To prove it, Rosen points to Harry, the retailer’s magalogue, which just celebrated its 10th anniversary. While countless other chains have pulled their own custom publications off the shelves -The Bay’s B magazine among them – the Rosens persevered, even though it didn’t make sense financially at first. ‘Given the size of Harry compared to the size of our ad budget [Harry consumed one-third], I think a lot of people would have questioned it.’ Nonetheless, the two-times-a-year glossy, which is mailed to 100,000 patrons, provides a vital connection to customers. According to a telephone survey conducted in fall 1998 with 1,100 Canadian men, clients spent 30 minutes on average reading the magazine, and 98% indicated Harry was of value to them.

‘For anybody who thinks quarter to quarter and looks at the cost of producing this magazine, it would have been the first thing cut,’ says Rosen.

Another benefit of private life, according to Rosen, has been the ability to solidify a 30-year relationship with its ad agency Reid, Bell & Associates, which handled the account until the shop closed in 1996. (Harry Rosen now has its own creative team.) ‘You get to a point where you understand people so well, it’s almost like having your own in-house agency. In a public company, when you have people turning over all the time, you don’t have that.’

Indeed, the door has been revolving at Sears lately, where CEO Paul Walters’ departure caused stock to slip 16%. Richard Sorby, the chain’s SVP marketing, also walked out the door, after only four years in his position.

For his part, Ammirati’s Fleischmann stresses that Sears has several execs who have been on the payroll for more than 30 years, among them VP of retail advertising Nina MacLaverty. But Maureen Atkinson, a retail consultant with Toronto-based J.C. Williams Group, says public firms sometimes have trouble hanging on to employees and believes there was probably pressure for Sears when it came to Eatons. ‘I think the management change was precipitated to a certain extent by the reality that they weren’t going to produce at the rate they had been.’

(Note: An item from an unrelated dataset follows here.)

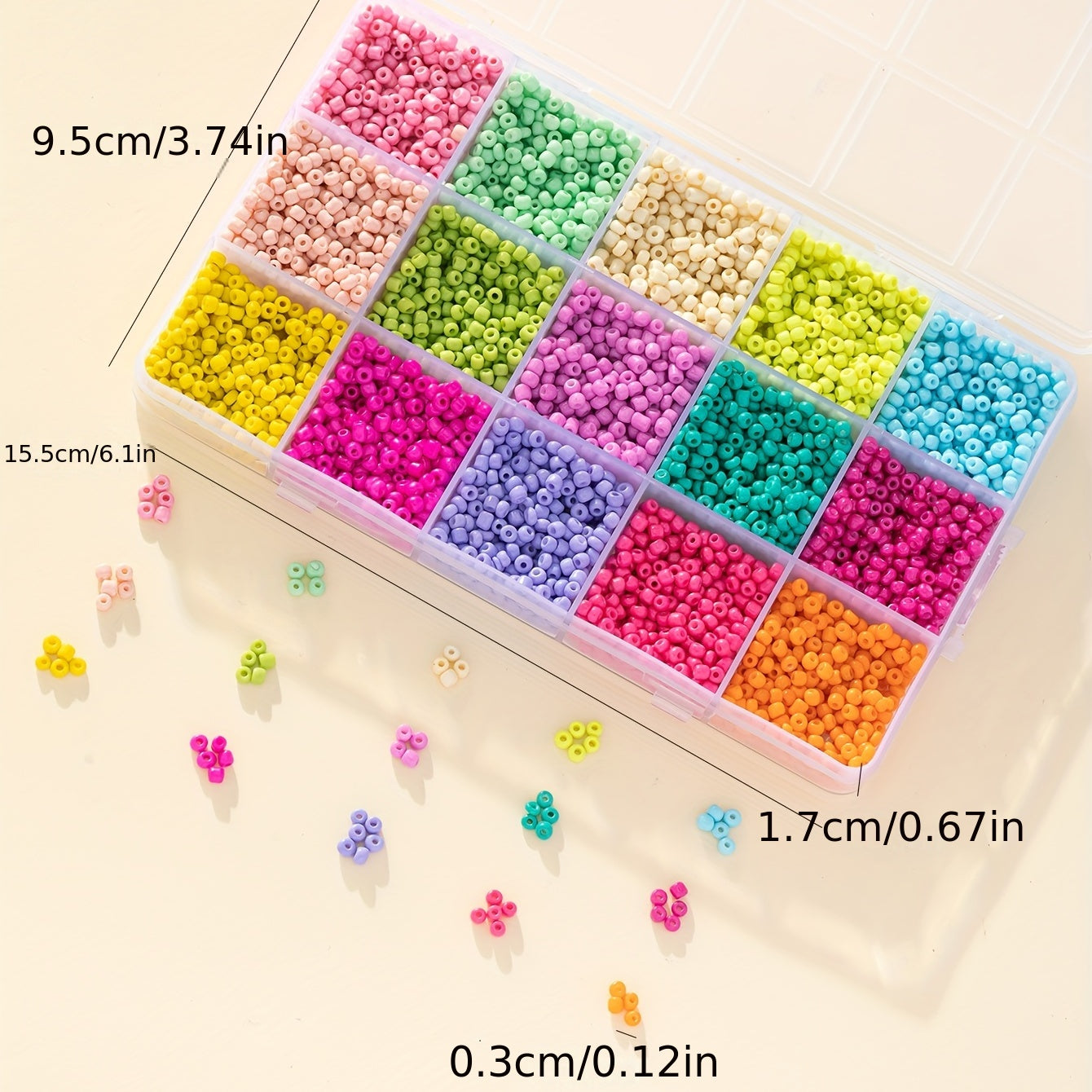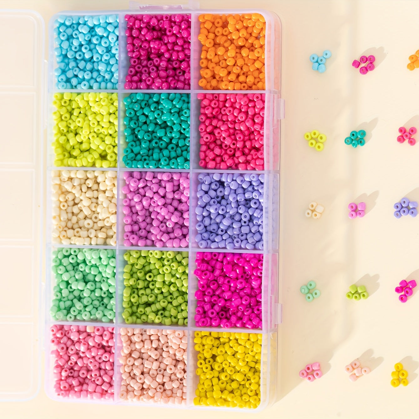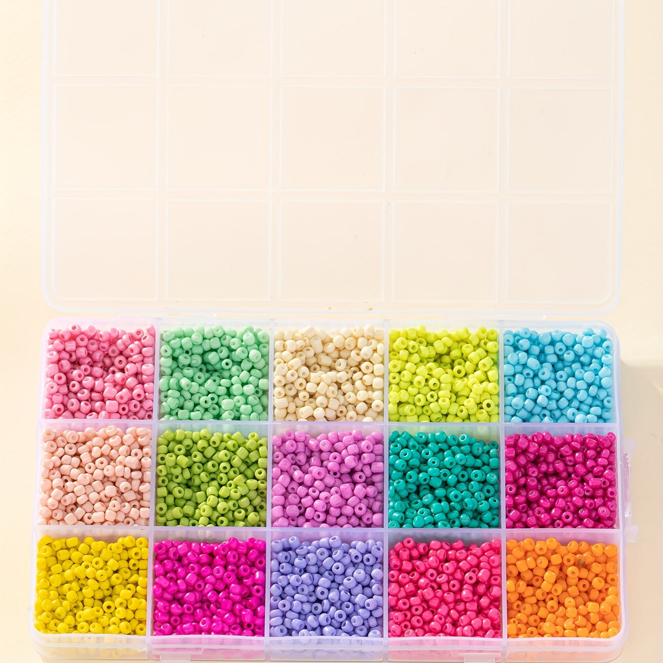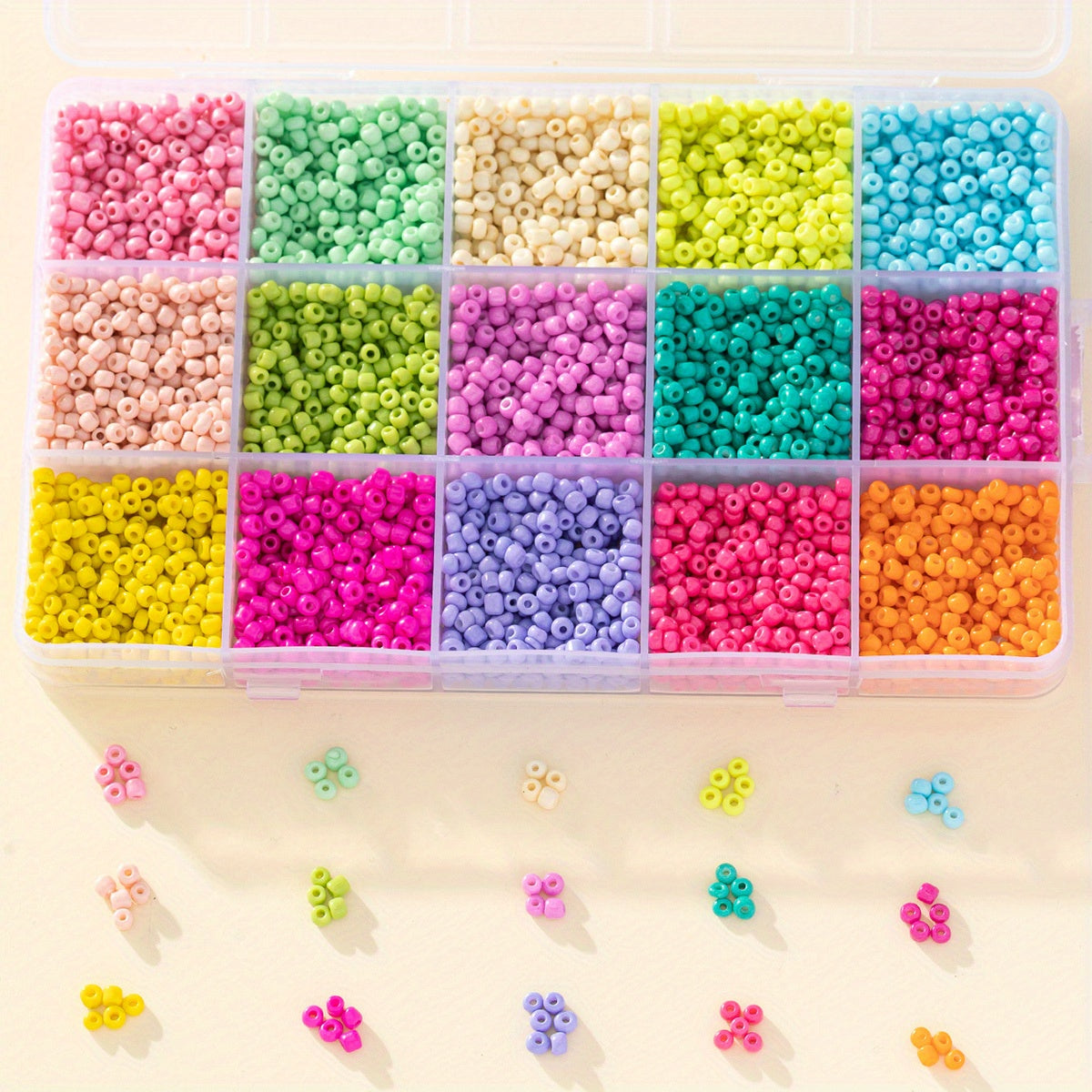 Get creative with this set of 15 grid glass pony beads in 3mm size for bracelet, necklace, and waist chain making. Includes small seed beads in 15 vibrant colors with a convenient plastic storage box.

One reason for the instability, adds Richard Talbot, president of Unionville, Ont.-based retail specialists Talbot Consultants, is that public firms are affected by a volatile market made even rockier by unsophisticated online traders. ‘How do you sell your long-term strategy to people like that? They’re not interested in long-term strategy, they’re interested in short-term gain.’

But, he adds, it is possible for management to sell a bold initiative to shareholders, even in an industry as tumultuous as retail. With Wal-Mart breathing down its neck, Canadian Tire’s shareholders agreed to switch from a small to big-box store format several years back, despite taking a hit in capital expenditure, he says. However, he points out that it was the advent of a new, powerful bastion that forced them to react. ‘It was the bogeyman of Wal-Mart that gave [management] an opportunity to do that. [Otherwise] the whole chain was likely to go the way of Dylex.’